Reading excel with R

I am trying to contemplate whether to read excel files directly from R or should I convert them to csv first. I have researched about the various possibilities of reading excel. I also found out that reading excel might have its cons like conversion of date and numeric column data types etc.

XLConnect - dependent on java
read.xslx - slow for large data sets
read.xslx2 - fast but need to use colClasses command to specify desired column classes
ODBC - may have conversion issues
gdata - dependent on perl

I am looking for a solution that will be fast enough for atleast a million rows with minimum data conversion issues . Any suggestions??

EDIT

So finally i have decided to convert to csv and then read the csv file but now I have to figure out the best way to read a large csv file(with atleast 1 million rows)

I found out about the read.csv.ffdf package but that does not let me set my own colClass. Specifically this

setAs("character","myDate", function(from){ classFun(from) } )
colClasses =c("numeric", "character", "myDate", "numeric", "numeric", "myDate")
z<-read.csv.ffdf(file=pathCsv,  colClasses=colClassesffdf)

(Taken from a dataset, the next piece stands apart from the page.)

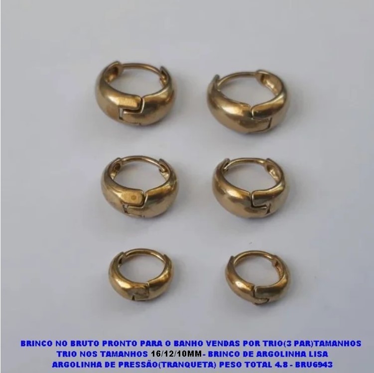 TRIO NOS TAMANHOS - BRINCO DE ARGOLINHA LISA

This does not work and i get the following error :-

Error in ff(initdata = initdata, length = length, levels = levels, ordered = ordered, : vmode 'list' not implemented

I am also aware of the RSQlite and ODBC functionality but do not wish to use it . Is there a solution to the above error or any other way around this?

Upvotes: 2

Views: 1674

Answers (3)

Jack Wasey
Jack Wasey

Reputation: 3440

Since this question, Hadley Wickham has released the R package readxl which wraps C and C++ libraries to read both .xls and .xlsx files, respectively. It is a big improvement on the previous possibilities, but not without problems. It is fast and simple, but if you have messy data, you will have to do some work whichever method you choose. Going down the .csv route isn't a terrible idea, but does introduce a manual step in your analysis, and relies on whichever version of Excel you happen to use giving consistent CSV output.

Upvotes: 5

Greg Snow
Greg Snow

Reputation: 49640

If you want speed and large data, then you might consider converting your excel file(s) to a database format, then connect R to the database.

A quick Google search showed several links for converting Excel files to SQLite databases, then you could use the RSQlite or sqldf package to read into R.

Or use the ODBC package if you convert to one of the databases that work with ODBC. The conversion of fields problems should be less if you are do the conversion to database correctly.

Upvotes: 1

Drew Steen
Drew Steen

Reputation: 16607

All the solutions you mentioned will work - but if manually converting to .csv and reading with read.csv is an option, I'd recommend that. In my experience it is faster and easier to get right.